The Milky Way and Andromeda are on a collision course, a galactic smash-up of gargantuan proportions. But there's not much reason why you should worry about this. For starters, it's likely to happen some 4.5 billion years in the future -- and also, as a new study found, our galaxy has merged with others before.
In fact, around 10 billion years ago with a dwarf galaxy called Gaia-Sausage-Enceladus (GSE) - one of the most recent collisions.
Credit: ESA (artist's impression and composition); Koppelman, Villalobos and Helmi (simulation); NASA/ESA/Hubble (galaxy image), CC BY-SA 3.0 IGO
The GSE was discovered with the European Space Agency (ESA)’s Gaia observatory.

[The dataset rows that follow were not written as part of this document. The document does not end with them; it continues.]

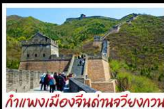
กำแพงเมืองจีนด้านจวิ้นกวน

UNIVERSAL STUDIO BEIJING DISNEYLAND SHANGHAI รถไฟความเร็วสูง - ถ่ายรูปห่อไข่มุก กำแพงเมืองจีนด้านจวิ้นกวน บ๊อพิเศษ เปิดปักกิ่ง, สุกี่หม้อไฟ BUFFET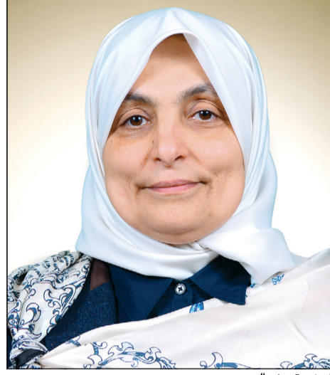
الوزيرة هند الصباح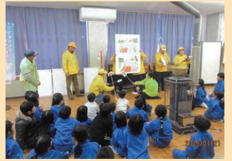
管内の小学校において1・2年生を対象とした通学路危険箇所についての交通安全教室を開催した。(千曲)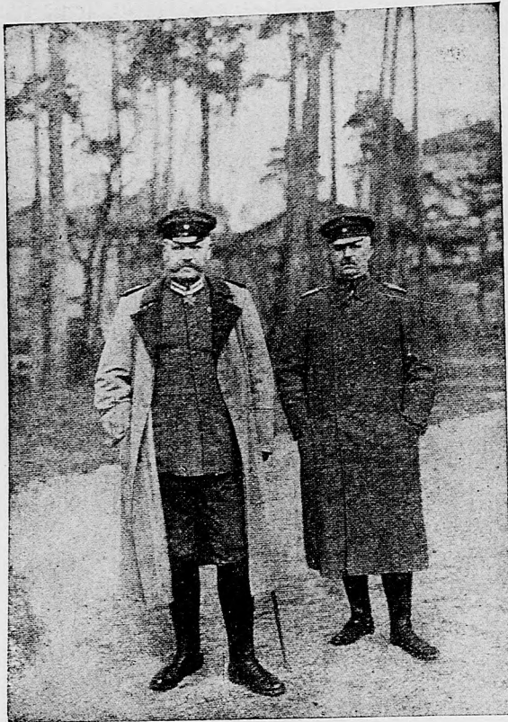
Hindenburg a Ludendorff na západnom fronte.

vané francúzske útoky proti Morriselu a Moreuilu. Na oboch brehoch Avre husté útočivé valy marne útočily cez horu Senecat a na oboch stranách hradskej Ailly—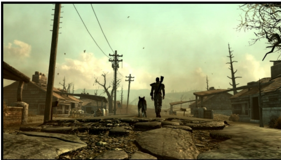
Hunden din Dogmeat er en koselig kompanjong, den er også en rimelig habil kamphund som er god og ha i de fleste kamper

Man ser godt på teksturene i spillet at det er Oblivion teamet til Bethesda som har jobbet med det. Hulene i Fallout 3 har en distinktiv likhet med hulene i Oblivion. Hvordan fiendene blir sterkere etter hvert som du går opp i level er også kopiert fra Oblivion. Jeg savner litt den frykten man får av å gå i soner der du vet fienden er mye sterkere enn deg, og følelsen av makaber glede man får av og endelig klare og drepe de!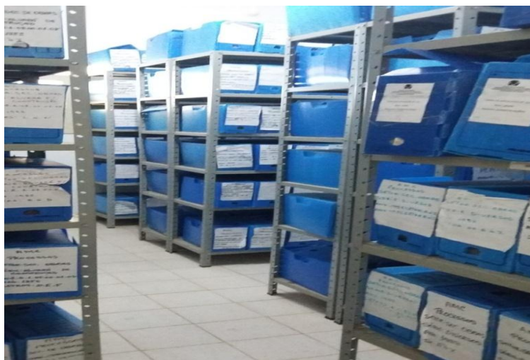
Figura 3 – Acervo do arquivo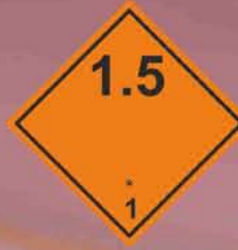
(N°1.5) División 1.5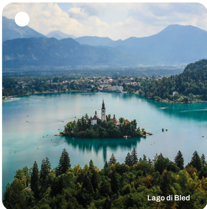
Lago di Bled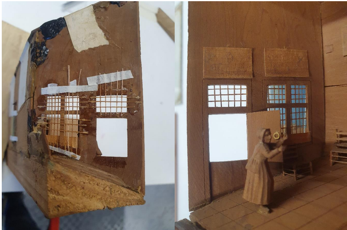
Foto 6 : linkerkant Bavelaar, na restauratie & Foto 7: binnenkant Bavelaar na restauratie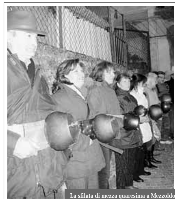
La sfilata di mezza quaresima a Mezzoldo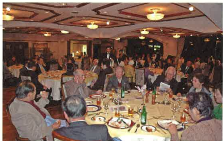
第5回オランダ料理の夕べ（平成18年11月25日）

今年度は創立40周年の記念事業として5月に総会と記念講演会を予定していましたが、岡山県に緊急事態宣言が発令されたことを受けて延期となりました。記念研修旅行や祝賀会（オランダ料理の夕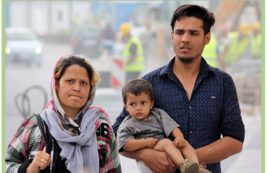
Familien sind auf der Balkanroute unter schwierigen Bedingungen auf der Flucht.

Letzten Sommer bereiste ich als privilegierter Schweizer ohne Zollschikanen die Balkanregion. Was ich sonst nur aus den Medien kannte, wurde auf einen Schlag dramatische Realität. Die Folgen des Versagens der europäischen Gemeinschaft, die sich gerne aufgeklärt und humanistisch schimpft, waren erschreckend.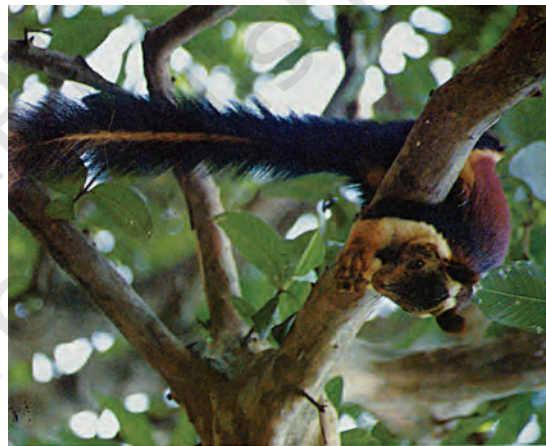
चित्र 5.3(b) : विशाल गिलहरी।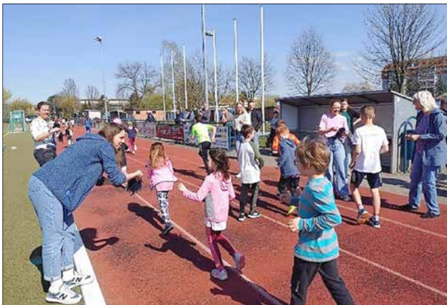
Grundschule „Bruno Gleißberg“

Der Sponsorenlauf war nicht nur ein sportlicher Erfolg, sondern auch ein starkes Zeichen für Gemeinschaft und Zusammenhalt. Die gesammelten Spenden werden nun gezielt eingesetzt, um das Schulleben weiter zu bereichern.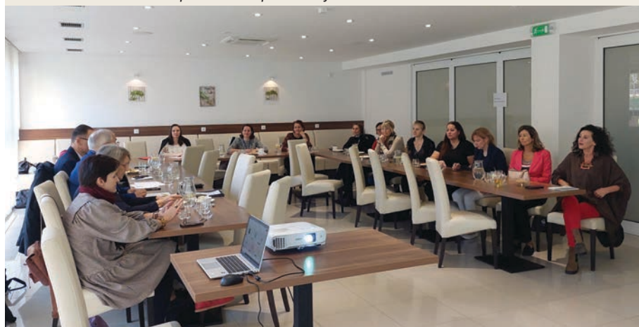
Účastníci vedeckej konferencie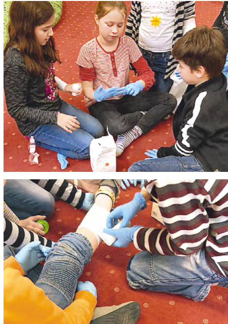
Im Ernstfall sicher sind, was zu tun ist, und keine Hemmungen haben, die Notfallnummer anzurufen, sind die Kinder immer konzentriert.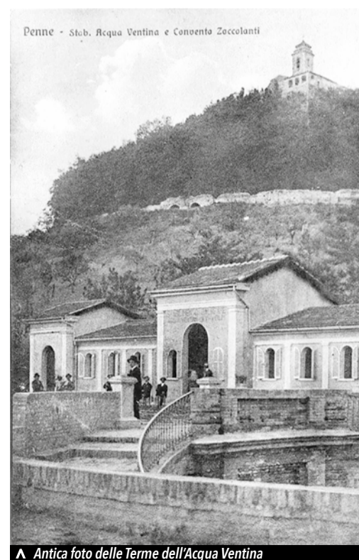
▲ Antica foto delle Terme dell'Acqua Ventina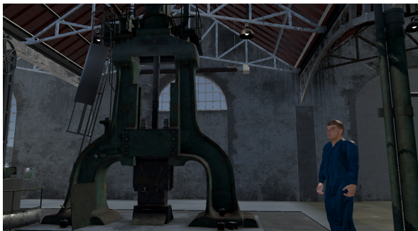
FIGURE 1 – L’environnement virtuel basé sur les forges de Pontaniou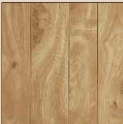
Honey Birch Typ: 119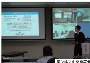
学位論文中間発表会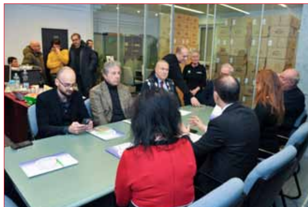
Il tavolo dell'incontro.

In the 22 first months of observations, Gaia found a distribution of 30,000 stars in a trajectory opposite to most stars. Their path in the galaxy resembles a sausage (hence the 'Sausage' in the name) and their brightness indicates they belong to a particular stellar population.
Recently, a team simulated the collision between the galaxies and tried to understand if it was head-on or did it involve a decaying orbit. The scientists based their simulation on both Gaia and Multiple Mirror Telescope (MMT) Observatory of the Smithsonian Institution and the University of Arizona. The idea is to create a simulation as close to reality as possible.

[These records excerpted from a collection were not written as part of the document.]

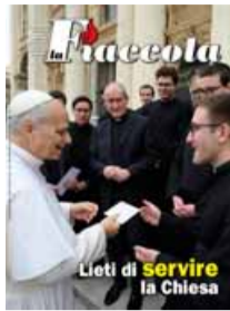
Lieti di servire la Chiesa

Per ricevere La Fiaccola contattare il Seminario di Venegono (tel. 0331.867111, email segretariato@seminario.milano.it ). Per la versione digitale www.riviste.seminario.milano.it .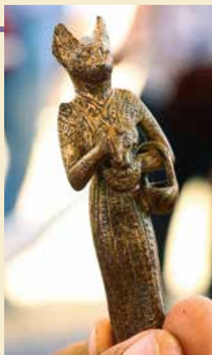
T.v. Bronzefigur af Bastet i. T.h. Isis og Neph-tys.

Det nyligt annoncerede fund bestod blandt meget andet af en stor samling af gudestatuetter i forskellige størrelser, alle fremstillet i bronze. Statuerne forestiller Bastet, Anubis, Osiris, Amun-Min, Isis, Nefertum, og Hathor. Arkæologerne fandt også rituelle instrumenter, en hovedløs statue af Imhotep, en samling af bemalede sentids-sarkofager i træ, amuletter, trækasser, statuer med forgyldte ansigter, kosmetiske gen-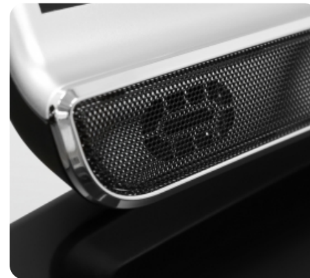
Встроенные динамики мощностью 5 Ватт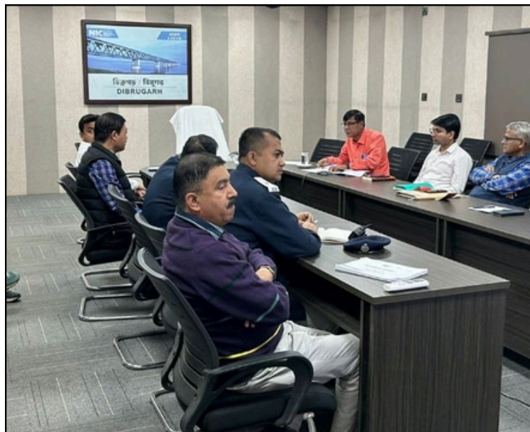
ডিব্ৰুগড়ত জিলা পথ সুৰক্ষা সমিতিৰ বৈঠকৰ এটি দৃশ্য, শনিবাৰে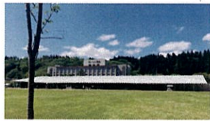
③道の駅の全景 背景にホテル鹿角、一体となり美しく映えています。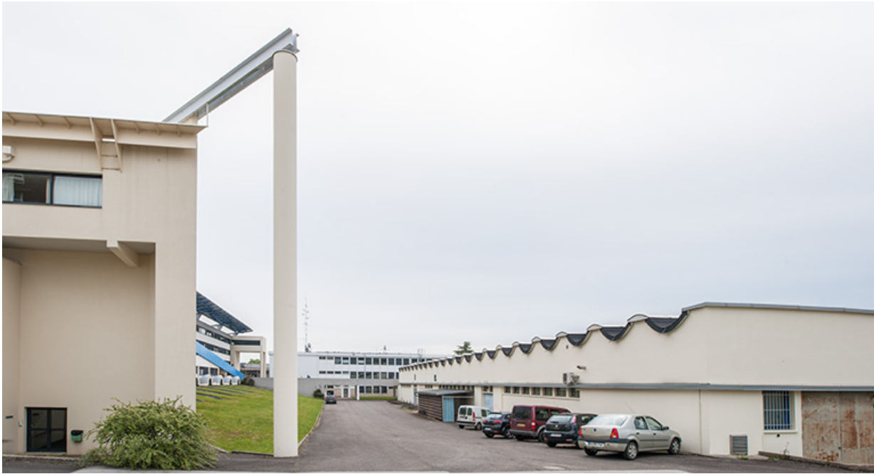
Ateliers : façade antérieure.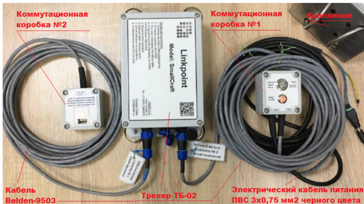
Рис. 1 - «Galileosky Base Block Iridium SmallCraft»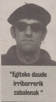
"Egiteke daude irribarrerik zabalena"

zokondo guztietan sartzen da, itsugarria izateraino. Badira hiru edo lau aste txoriak gaueko hamabietan hasten direla kantuan Florida parkeko zuhaitz tantaletatik, argitasunaz gogaituta edo. Eta pertsonok ere aspertu egiten gara askotan hainbesteko argiz, ikusi beharrekoak baitira jendearen aurpegiak kaletik pasatzerakoan: nazka, tipulabegiak, begira odolduak. Apokaliptik hurbilen dagoen hiria da

In the results, the team successfully obtained the structure present today and how the collision formed. Their analysis matches with the trajectories and composition of the stars that exist today. GSE was approaching the Milky Way in opposite direction from our galaxy’s rotation until the dwarf galaxy merged with its bigger neighbor. In other words, judging by these trajectories, the Milky Way and GSE have collided in the past.
This study contributes to more information about the history of the Milky Way. We now have an idea of how our galaxy became the way it is today. Merging with Gaia-Sausage-Enceladus had about 500 million stars and the event provided 20% of our galaxies’ dark matter and 50% of its stellar halo - part of a galaxy that contains stars beyond the primary distribution.
The study was published in The Astrophysical Journal.